Лента Мёбиуса, или Ничего кроме правды. Устный дневник женщины без претензий — страница 62 из 95

– Срочно готовим свадьбу! – в восторге кричал он.

С ума сошёл: какая свадьба? Ещё урна не захоронена. Отрезала:

– Обойдёмся загсом.

– Как скажешь, – безропотно согласился будущий папаша.

Так я второй раз вышла замуж, опять не надев фаты. Чтобы сделать Кириллу приятное, фамилию поменяла – в быту практичнее. Однако, представляясь новым знакомым, по-прежнему говорю: Ксения Орленина. Муж терпит. Спрашивает шутливо:

– Моя фамилия тебя смущает? Такая весёленькая.

– Слишком кулинарная.

– У тебя приятельница – Груздева.

– Однако же не Свинушкина, хотя и тот и другой гриб очень неплох в засолке.

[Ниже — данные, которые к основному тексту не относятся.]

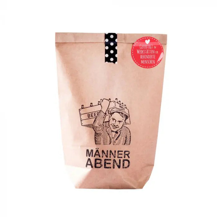 Mit dieser Tüte ist jeder Mann, jederzeit für einen Männerabend gerüstet.

– Родись пораньше, ты могла бы стать Ягодой.

– Уж лучше Клюквой.

Кирилл закончил спорить, не уловив разницы между страшным и смешным. И вообще, дело не в ассоциациях. Нелепых фамилий много, но в нашем сознании они давно перестали быть предметными. Мы же не воображаем пушку, когда говорим об Александре Сергеевиче, его Онегин совсем не ассоциируется с рекой. Поленов – не полено, Безухов – с ушами, Ломоносов носов не ломал, а Сухово-Кобылин вообще ни в какие ворота не лезет. И этот чужой мужик тоже давно сроднился со своим украинским блюдом. Но я не привыкну никогда. К новой фамилии или к новому мужу? После изящного, всегда юного Дона, крупный, грузный Кирилл кажется старым. В первую нашу встречу ему было тридцать, теперь, наверное, сорок с поросячьим хвостиком. Но с этим человеком легко. Впервые в жизни в присутствии мужчины, который нравится, у меня не кружится голова, не тошнит и не бьёт колотун.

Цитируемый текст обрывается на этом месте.